We are still struggling, and I am reaching out in every way that I know how.  We've been to support groups, lactation consultants associated with our insurance company, outside lactation consultants and tomorrow we are heading to a La Leche League meeting.  I am hoping that at some point, Bug will be able to latch consistently and I'm doing everything I can to make that happen.

But if it doesn't, I know my mom will be there to support me.


  1. Oh girl, I'm crying! The hours and hours I spent crying over what to do with my #2 guy when he wouldnt latch right, and the bleeding and the chafing and the pain. I know that heartbreak so well! You are doing all the things I would recommend, I had a lactation consultant come to my home and I did the nipple shield, I pumped, I supplemented, and it took a few weeks of pumping and using the shield (I never got his tongue checked out though and in hindsight I wish I had) but eventually, eventually he got it. And then, funny enough, I had the opposite problem, he'd never take a bottle! LMAO!! But we nursed almost up until a year. It was a rough start but I am so glad I stuck with it and woudnt change a thing. Had I not stuck with it, I would have had the support from my family either way and that is so so important. I'm so glad you have the support. Keep us posted and always always know that whatever it is you decide to do, whether it's to stick with it or move on, you are doing what's right for you. *hugs*

  2. I first this on my ipod this morning at 2 am and I was teary eyed! You are very brave to share your stories and your blog will be an asset to those who need to find hope! You go sister friend!

  3. That is so wonderful that you have your mom's support!! You are a lucky woman!
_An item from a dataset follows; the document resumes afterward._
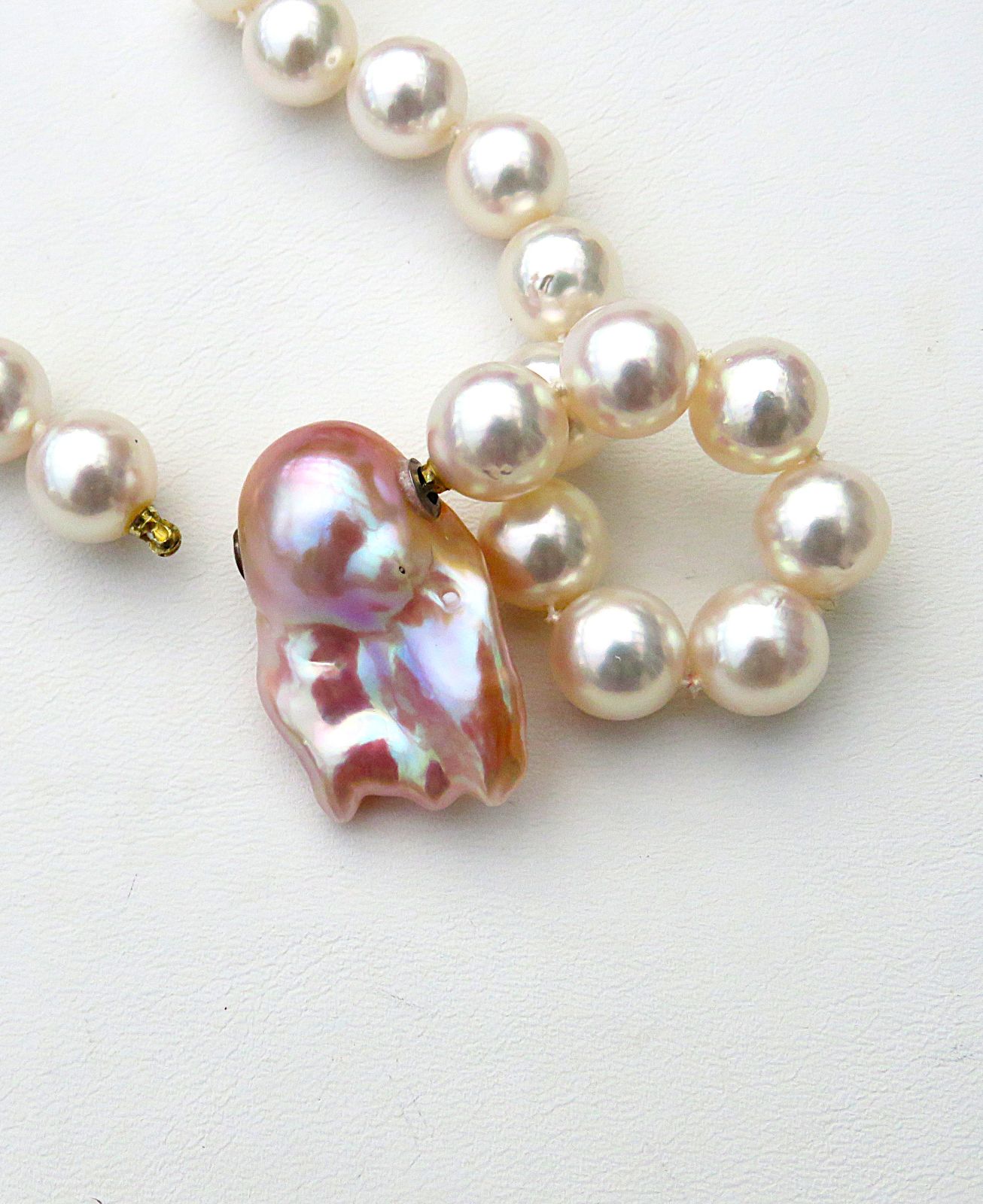 Diese traumhaft schöne, vielfarbige Ming Perle habe ich mittels Edelstahl Schließmechaniken zur Wechselschließe gearbeitet. Sie ist von exorbitant guter Qualität. Die Nacre ist extrem dick. Wie ich beim Bohren feststellen konnte, misst sie an die 2 mm. Das ist enorm und sorgt dann auch für einen umwerfend brillanten Lüster.

    My mom did not breastfeed, and I actually didn't know anyone who breastfed growing up. My son is 8 months old and today my mom still tried to encourage me to give cereal to my son since it has "so many vitamins." I reminded her that since my baby is fully breastfed, I don't have to feed him something he doesn't want to get vitamins in him.... sigh... ;-)

    Following you via the Breastfeeding Blog Hop!

  4. i have my mom's support too! isn't it great!?!?

    thanks for linking up for this week's blog hop!

  5. I was born in '81 too :) My mom bfed me for about 6 weeks then was worried I wasn't eating enough.

    Did women obsess over that as much before formula was popular? I have a feeling I was eating just fine..but even a little while is beneficial.

    I'm glad your mom is there for you and your hubby's way of supporting is good too - no need for anyone saying it's bad if you can't continue.

    I wish you luck and strength to keep at it. Bug is still learning with the new tongue freedom! My sister-in-laws boys (both of em) had latch issues so she nursed & pumped to supplement. Around 4-6 wks the "suddenly latched" is what she tells me.

    I've also read that oftentimes latch issues seem to resolve around 4-6 wks.. maybe bigger mouth helps?

    Stay strong!
    Darcy @ Tales From the Nursery

  6. Thanks everyone for the support. I am determined to exhaust my resources before giving up. We are seeing another LC on Tuesday.

  7. Hey! I found you on the blog hop! It's so great that you have an awesome support system!